Let’s start at the beginning. Watchmen was a comic book series written by Alan Moore and drawn by Dave Gibbons and released in 1986. Alan Moore is probably the most respected and critically acclaimed comic book writer of his generation. The comic book is essentially an in-depth look at superheroes with characters in this book as stand-ins for famous superheroes or superhero types. The comic book was so beloved it was listed on Time Magazine’s list of top 100 novels over the lifespan of the magazine. Whilst beloved it was often regarded as unfilmable and certainly Moore had no wish for it to be made into a film. After years of stalled projects and different directors, Zack Snyder released his version in 2009 to mixed reviews. In 2019 we had a Watchmen TV show, brought to us via HBO and Damon Lindelof (best known as the man behind Lost). I’ll say this now – this is one of the greatest television programmes I have ever seen.
The TV Series
While some characters from the graphic novel/film reappear like Adrian Veidt and Laurie Blake the central character is newcomer Angela Abar (played in a superb performance by Regina King), a detective in the Tulsa police department. Importantly in this world, all cops wear masks after a coordinated attack on police officers at their homes years before so cops became anonymous and detectives adopted costumes – Angela is Sister Night.
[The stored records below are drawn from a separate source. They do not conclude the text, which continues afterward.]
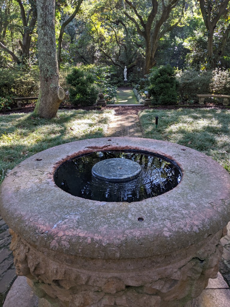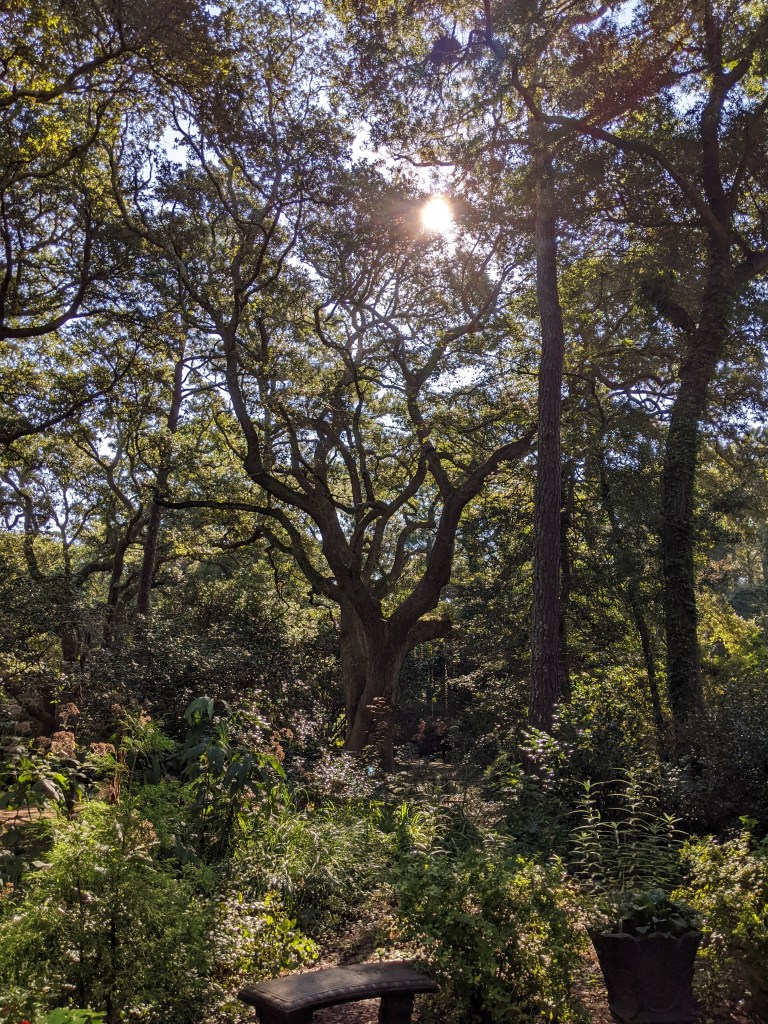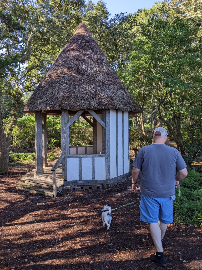 We decided to do the tourist thing on our first day, so we drove over to Manteo on Roanoke Island to visit the Elizabethan Gardens, managed by the Garden Club of North Carolina, and the Fort Raleigh National Historic Site. There’s an admission fee for the garden, including $3 for dogs, but it was worth it. It’s a beautiful place. We were the only people in the gardens besides staff, so we were able to fully enjoy it.
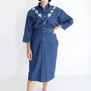Channel your inner cowgirl with the Vintage Tobi Dark Wash Button-Up Western Denim Midi Dress. This classic piece features a rich dark wash denim with a structured, button-up front and subtle western detailing, including stud accents that add a touch of rugged charm. The midi length and fitted waist create a flattering silhouette, perfect for transitioning from day to night.
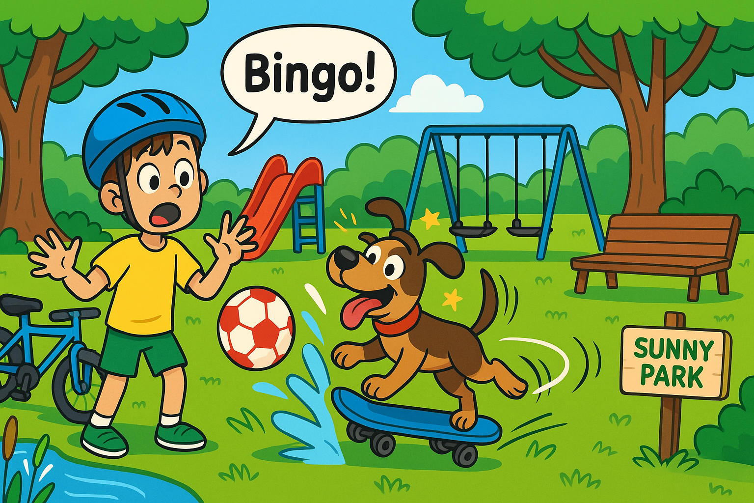 We can play football on the grass. Bingo can jump and catch the ball. He tries my skateboard—wobble, plop! He can’t ride it. I can’t skate yet, but I can kick the ball to him. Bingo can’t climb the slide ladder, so he waits and barks. We laugh together.
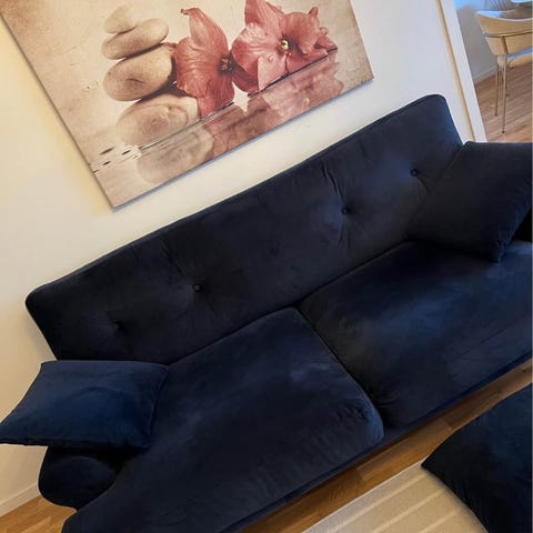 Säljer nu vår eleganta och kompletta soffgrupp i mörkblå sammet på grund av flytt. Möblerna köptes för bara ca 5 månader sedan och är i mycket fint skick.

The show effectively goes through Angela’s entire life over the course of the season (something it does for other characters in less detail) explaining how she became the person she is. The main plot follows the machinations of The 7th Cavalry, an extreme right-wing racist organisation who seem to want to wage an all-out race-war and were behind the “White Night” when police officers were attacked.
Seemingly completely separately a bizarre story of an old man living a lonely if palatial existence on a grand English estate (that maybe doubles as a prison) is played out, his only companions are maddeningly obedient servants. I don’t think it’s meant to be a secret that this is Adrian Veidt (played by Jeremy Irons in the best performance I’ve seen from him in a long time), one of the characters from the graphic novel whose superhero identity is Ozymandias. As well as being incredibly wealthy and the smartest man in the world Veidt takes credit for saving the world whilst killing three million people – but only a handful of people are aware of this.
Why Is It Great?
Characters Are Key
Watchmen is a television show that puts understanding characters first and all the events that transpire are rooted in how these characters would act. It could be said that the whole season is explaining Angela Abar – her childhood, her marriage, her family, her job, her whole life and even events that happened before she was born. All of what happens makes sense, there are no inexplicable character decisions just to make the plot more exciting. And it is not just Angela whose life is analysed, many of the main characters’ lives are examined through flashbacks, such as her costumed cop colleague Wade Tillman/Looking Glass. The single most important thing in any story is you have to care about the characters, love them or hate them, the outcome is important and Watchmen achieved this in spectacular fashion. Rarely have I been as invested in a character as I was with Angela.
Dealing With Loss
Everyone in this show has lost something – whether it be people or sometimes more intangible concepts. Fitting in with a common superhero trope Angela is an orphan, Looking Glass lost his faith and peace of mind, Laurie Blake lost her superhero identity as well as an actual superhero. Much of the plot revolves around a murder that takes place in the first episode. Adrian Veidt rages against his lost power and influence and when someone as talented as him is going through grief there will be consequences.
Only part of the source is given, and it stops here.